For complex filtering, avoid deeply nested query parameter schemas. If filter complexity exceeds 3 conditions, consider a POST /orders/search endpoint with a JSON body. This is not RESTful purism -- it is practical. Encoding complex filters in query strings produces unreadable URLs, caching nightmares, and URL length limit violations.

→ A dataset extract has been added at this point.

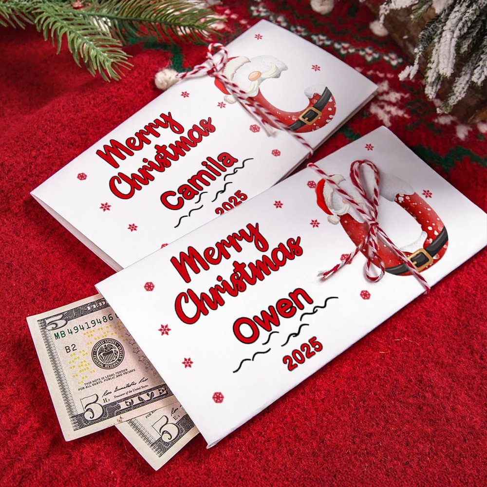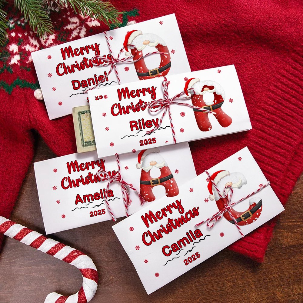 This personalized card wallet features a unique design with Santa Claus's initial and snowflake patterns, along with the text "Merry Christmas," creating a joyful, festive atmosphere. Additionally, you can freely customize your name and the year information on the envelope, making each gift warm and filled with the joy of the holiday.

Authentication & Authorization Patterns

Authentication answers "who are you?" Authorization answers "what can you do?" Conflating them is the root cause of most API security failures.

Auth Method Selection

| Method | Authenticates | Best For | Not For | |--------|-------------|----------|---------| | API Keys | Application | Server-to-server, rate limit tracking, public API metering | User-level permissions, browser clients, mobile apps | | OAuth2 | User (delegated) | Third-party access, user consent flows, multi-tenant SaaS | Simple server-to-server, internal tools | | JWT | Session | Stateless authentication, microservice propagation | Long-lived tokens, sensitive claims storage | | mTLS | Service | Service mesh, zero-trust networks, certificate-based identity | Public APIs, browser clients, mobile apps |

The critical distinction: API keys identify the calling application. OAuth2 tokens identify the user who granted permission. A request can carry both -- the API key identifies which application is calling, and the OAuth2 token identifies which user authorized it. Stripe uses this dual model: API key for the merchant's server, connected account tokens for user-delegated actions.

Token Lifecycle Principles

Access tokens should be short-lived (15 minutes) because they cannot be individually revoked without a blocklist check on every request. Refresh tokens should be long-lived (7-30 days) but rotated on every use -- issuing a new refresh token and invalidating the old one. If a rotated-out refresh token is replayed, it signals theft: revoke the entire token family. See references/authentication-deep-dive.md for OAuth2 flow selection, JWT validation checklist, HMAC webhook signing, and mTLS architecture.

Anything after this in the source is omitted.